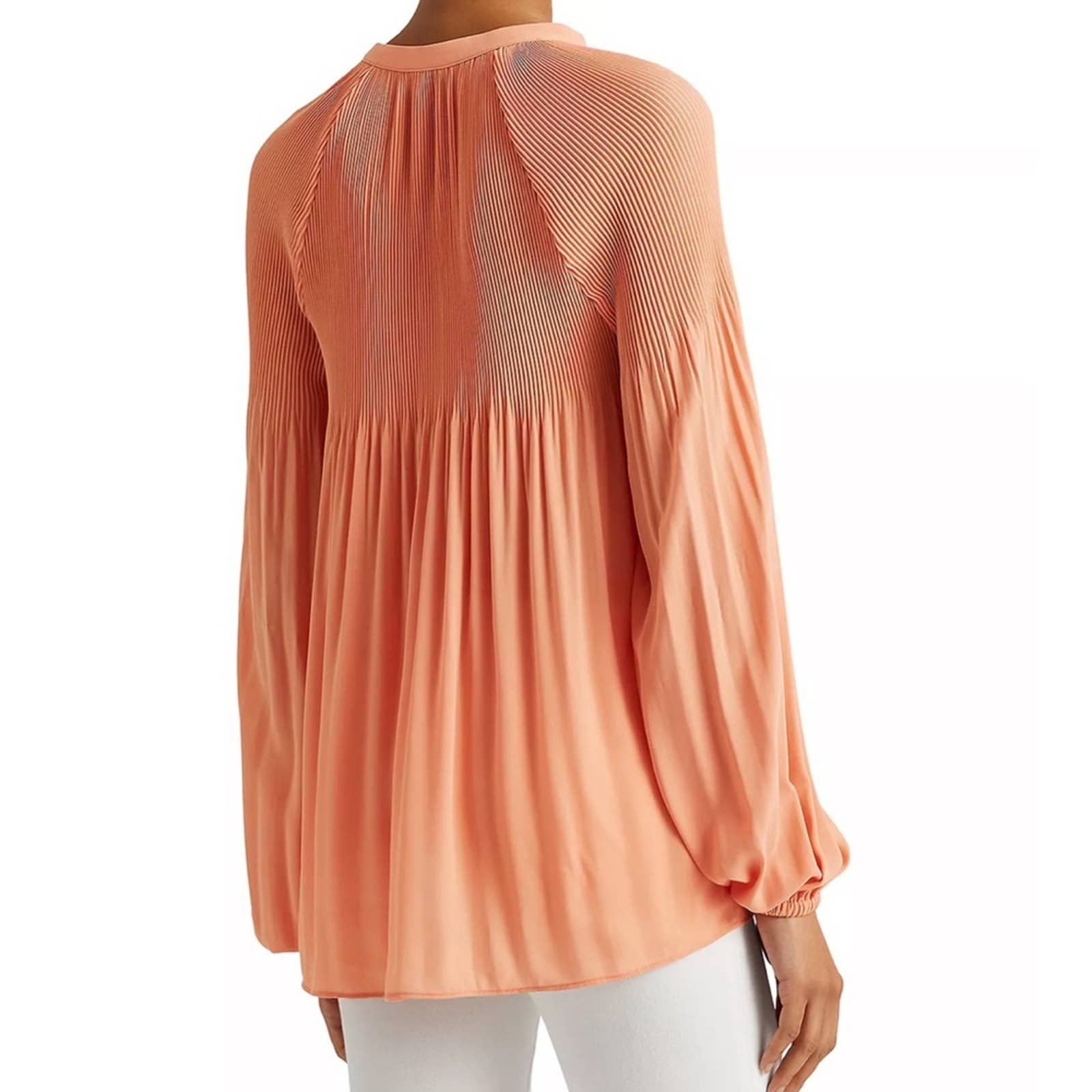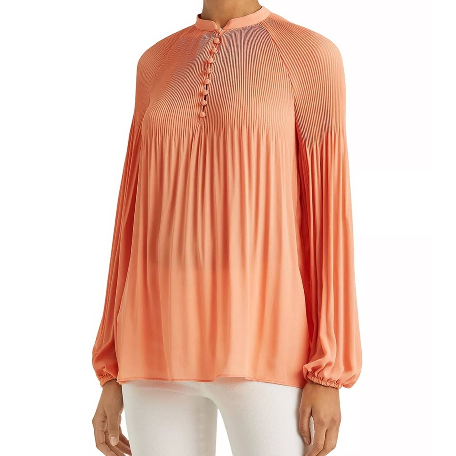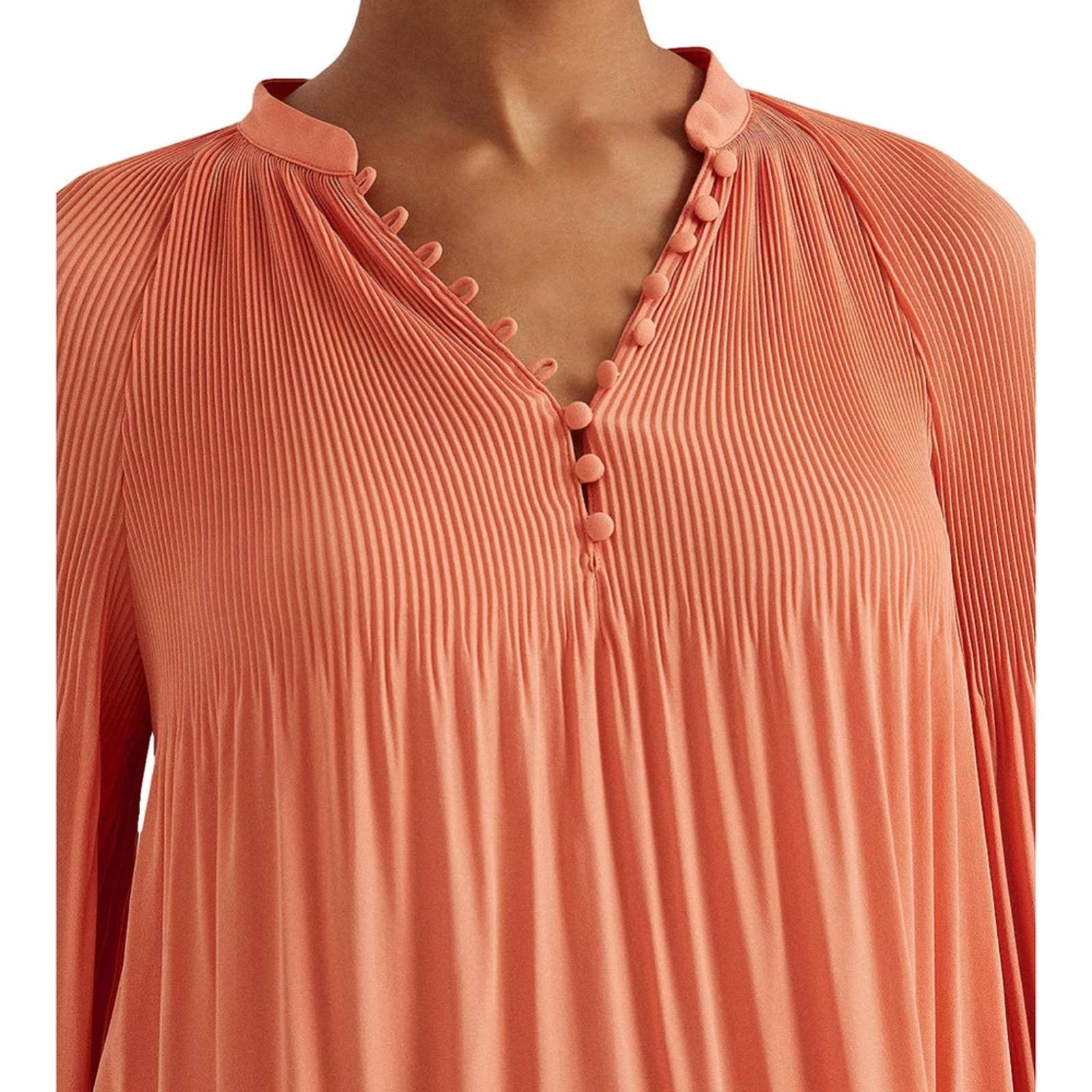 Lauren Ralph Lauren Bright Orange Blouse w/ Pleated Accents & Button-Up Front!!
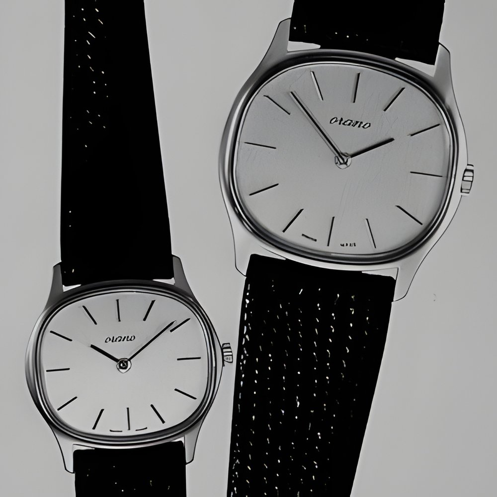 Two elegant models, a man’s and a woman’s, with clean-cut yet softly rounded lines. 10-micron goldplate finish, gilt dial with applied markers. Very thin mechanical movements (ORANO)
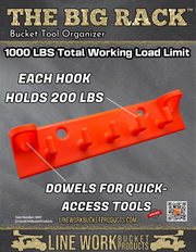 Maintain an organized and efficient work area in your aerial devices with this durable, strong, and extreme weather rated tool organizer. The extra large angled hooks offer more space and quick access to your tools and equipment. Making this a must have tool for any productive lineman!
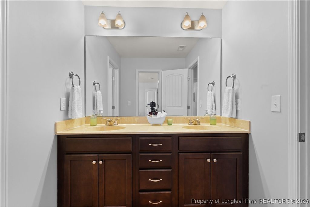 Beautifully maintained 3-bedroom, 2.5-bath home located in Lillington, North Carolina. This inviting property features an oversized two-car garage and a private, fully fenced backyard, ideal for relaxing, entertaining, or accommodating pets. The well-designed floor plan offers spacious living areas that flow effortlessly, providing comfort for everyday living and flexibility for hosting guests. The large kitchen is a true standout, offering quartz countertops, ample cabinetry, and a walk-in pantry, making it both functional and stylish. Downstairs, architectural details shine with a coffered ceiling and elegant wainscoting, while an electric fireplace adds warmth and character to the main living space. The primary suite is generously sized and features a tray ceiling, creating a peaceful retreat. The en-suite bathroom includes a walk-in shower, garden tub, and plenty of space for relaxation. Two additional guest bedrooms are thoughtfully connected by a Jack-and-Jill bathroom, offering convenience and privacy. A large laundry room adds to the home's everyday practicality. Enjoy the freedom of no HOA while benefiting from convenient access to local shopping, dining, schools, and major roadways. This is a fantastic opportunity to own a well-maintained home in a desirable location, offering space, privacy, and flexibility.
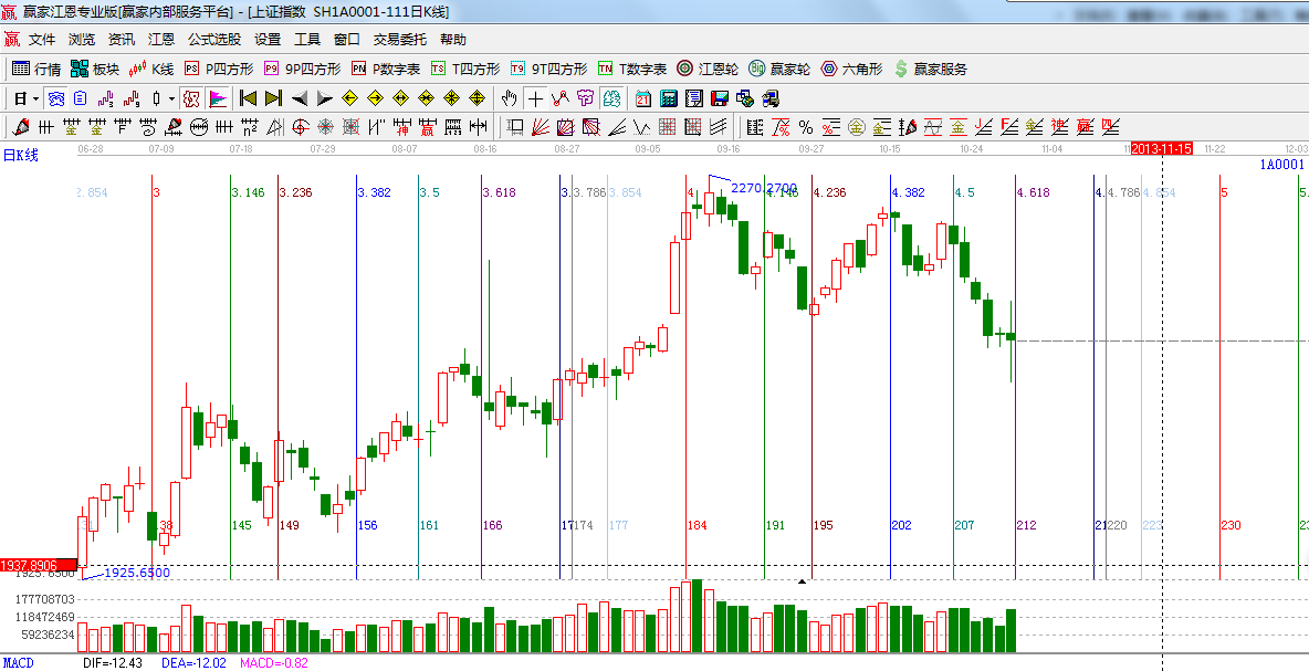 ★依據(jù)贏家江恩系統(tǒng)波段百分比延伸提示:江恩百分比45度是2125;
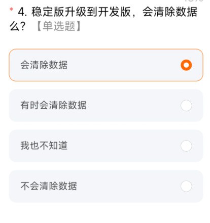 4、稳定版升级到开发版,会清除数据么?【单选题】
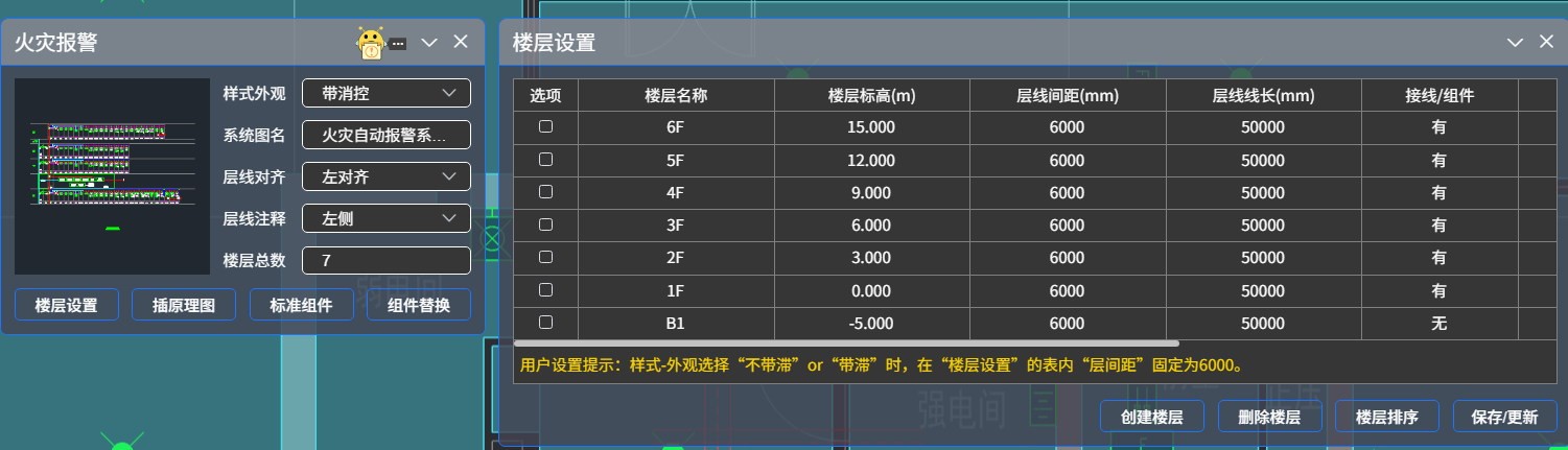 选择系统图样式外观,楼层设置调整后,在图面插入火灾报警系统图。
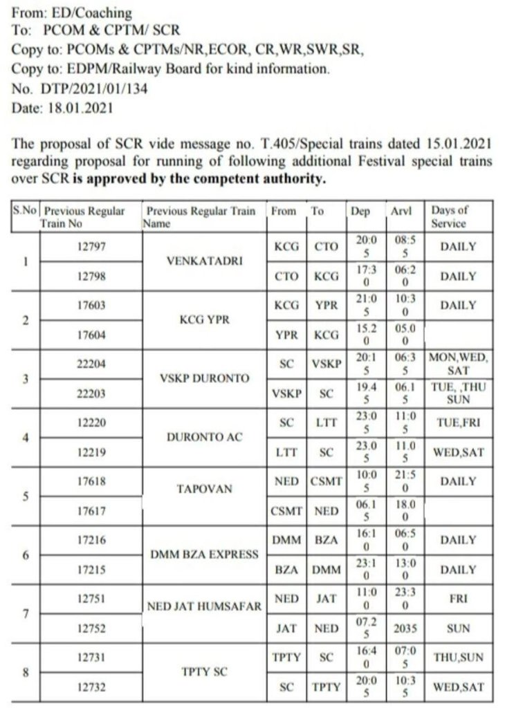 दक्षिण मध्य रेलवे को रेलवे बोर्ड की तरफ से 23 जोड़ी यात्री रेल गाड़ियाँ त्यौहार विशेष श्रेणी में शुरू करने के लिए हरी झंडी दे दी गयी है। जल्द ही इन गाड़ियोंकी घोषणा, उनके नए गाड़ी क्रमांक एवं समयसारणी के साथ की जाएगी। यात्रिओंकी बेहतर कनेक्टिविटी के लिए यह सेवाएं शुरू करने का निर्णय लिया गया है।
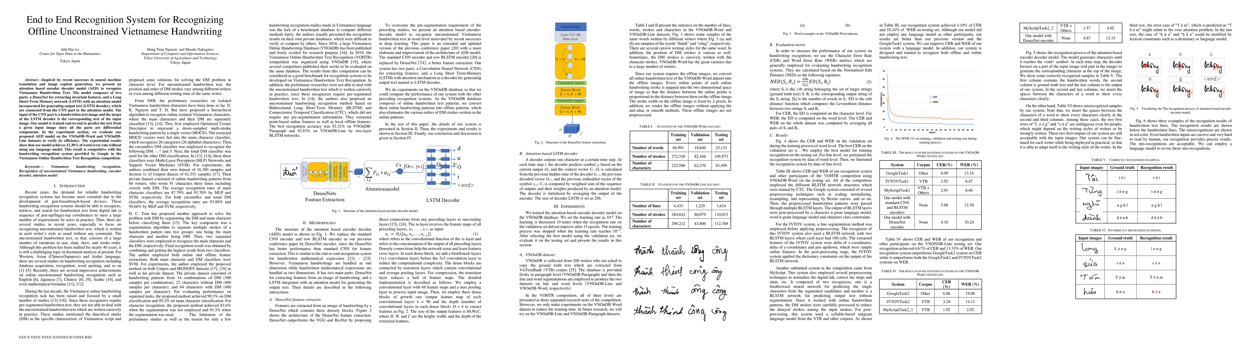This paper proposes an attention-based encoder decoder model (AED) for recognizing offline unconstrained Vietnamese handwriting, combining a DenseNet for feature extraction and an LSTM with attention for text generation. The model achieves a competitive 12.30% word error rate on VNOnDB datasets, rivaling Google's system in the Vietnamese Online Handwritten Text Recognition competition.
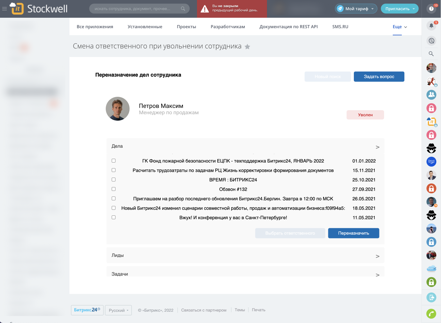Приложение позволяет быстро сменить ответственного за сделки, контакты, компании, лиды.
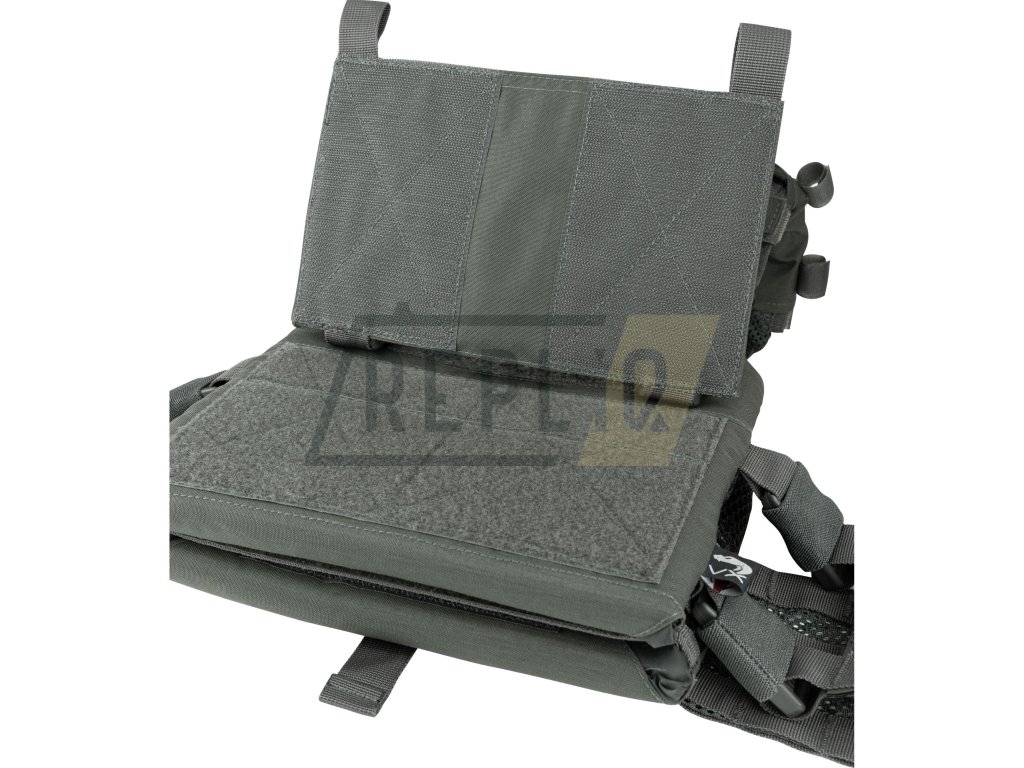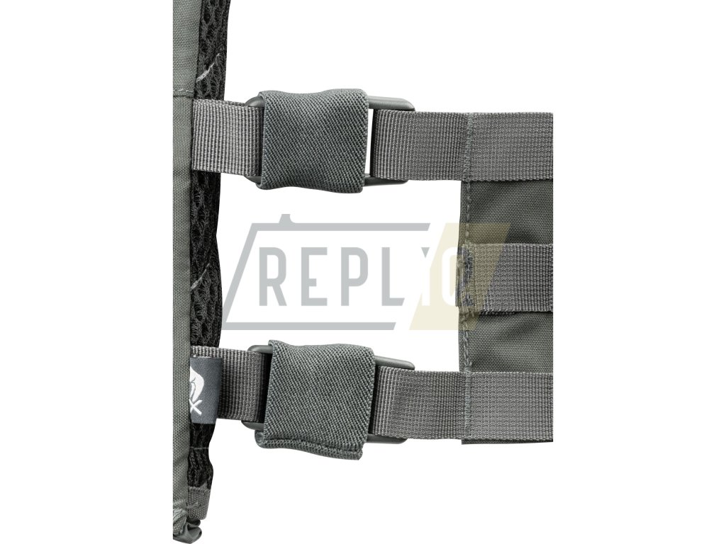 Přední i zadní strana nosiče je pokrytá MOLLE/PALS vazbou, která vám umožní připevnit řadu kompatibilního vybavení. Přední panel vazby se v případě potřeby dá nahradit, popřípadě odejmout a nepoužívat. Nad předníMOLLE vazbou se nachází VELCRO panel pro vaše nášivky a malá plochá administrační kapsa vhodná na menší dokumenty. Další možností jak připevnit doplňkové vybavení pak nabízí FASTEX přezky kompatibilní se systémem VX.

■ Try it
Set down, word for word, the full listing above, and carry over no pictures.

■ Output below
 Lauren Ralph Lauren Bright Orange Blouse w/ Pleated Accents & Button-Up Front!!
 Two elegant models, a man’s and a woman’s, with clean-cut yet softly rounded lines. 10-micron goldplate finish, gilt dial with applied markers. Very thin mechanical movements (ORANO)
 Maintain an organized and efficient work area in your aerial devices with this durable, strong, and extreme weather rated tool organizer. The extra large angled hooks offer more space and quick access to your tools and equipment. Making this a must have tool for any productive lineman!
 Beautifully maintained 3-bedroom, 2.5-bath home located in Lillington, North Carolina. This inviting property features an oversized two-car garage and a private, fully fenced backyard, ideal for relaxing, entertaining, or accommodating pets. The well-designed floor plan offers spacious living areas that flow effortlessly, providing comfort for everyday living and flexibility for hosting guests. The large kitchen is a true standout, offering quartz countertops, ample cabinetry, and a walk-in pantry, making it both functional and stylish. Downstairs, architectural details shine with a coffered ceiling and elegant wainscoting, while an electric fireplace adds warmth and character to the main living space. The primary suite is generously sized and features a tray ceiling, creating a peaceful retreat. The en-suite bathroom includes a walk-in shower, garden tub, and plenty of space for relaxation. Two additional guest bedrooms are thoughtfully connected by a Jack-and-Jill bathroom, offering convenience and privacy. A large laundry room adds to the home's everyday practicality. Enjoy the freedom of no HOA while benefiting from convenient access to local shopping, dining, schools, and major roadways. This is a fantastic opportunity to own a well-maintained home in a desirable location, offering space, privacy, and flexibility.
 ★依據(jù)贏家江恩系統(tǒng)波段百分比延伸提示:江恩百分比45度是2125;
 4、稳定版升级到开发版,会清除数据么?【单选题】
 选择系统图样式外观,楼层设置调整后,在图面插入火灾报警系统图。
 दक्षिण मध्य रेलवे को रेलवे बोर्ड की तरफ से 23 जोड़ी यात्री रेल गाड़ियाँ त्यौहार विशेष श्रेणी में शुरू करने के लिए हरी झंडी दे दी गयी है। जल्द ही इन गाड़ियोंकी घोषणा, उनके नए गाड़ी क्रमांक एवं समयसारणी के साथ की जाएगी। यात्रिओंकी बेहतर कनेक्टिविटी के लिए यह सेवाएं शुरू करने का निर्णय लिया गया है।
This paper proposes an attention-based encoder decoder model (AED) for recognizing offline unconstrained Vietnamese handwriting, combining a DenseNet for feature extraction and an LSTM with attention for text generation. The model achieves a competitive 12.30% word error rate on VNOnDB datasets, rivaling Google's system in the Vietnamese Online Handwritten Text Recognition competition.
Приложение позволяет быстро сменить ответственного за сделки, контакты, компании, лиды.
 Přední i zadní strana nosiče je pokrytá MOLLE/PALS vazbou, která vám umožní připevnit řadu kompatibilního vybavení. Přední panel vazby se v případě potřeby dá nahradit, popřípadě odejmout a nepoužívat. Nad předníMOLLE vazbou se nachází VELCRO panel pro vaše nášivky a malá plochá administrační kapsa vhodná na menší dokumenty. Další možností jak připevnit doplňkové vybavení pak nabízí FASTEX přezky kompatibilní se systémem VX.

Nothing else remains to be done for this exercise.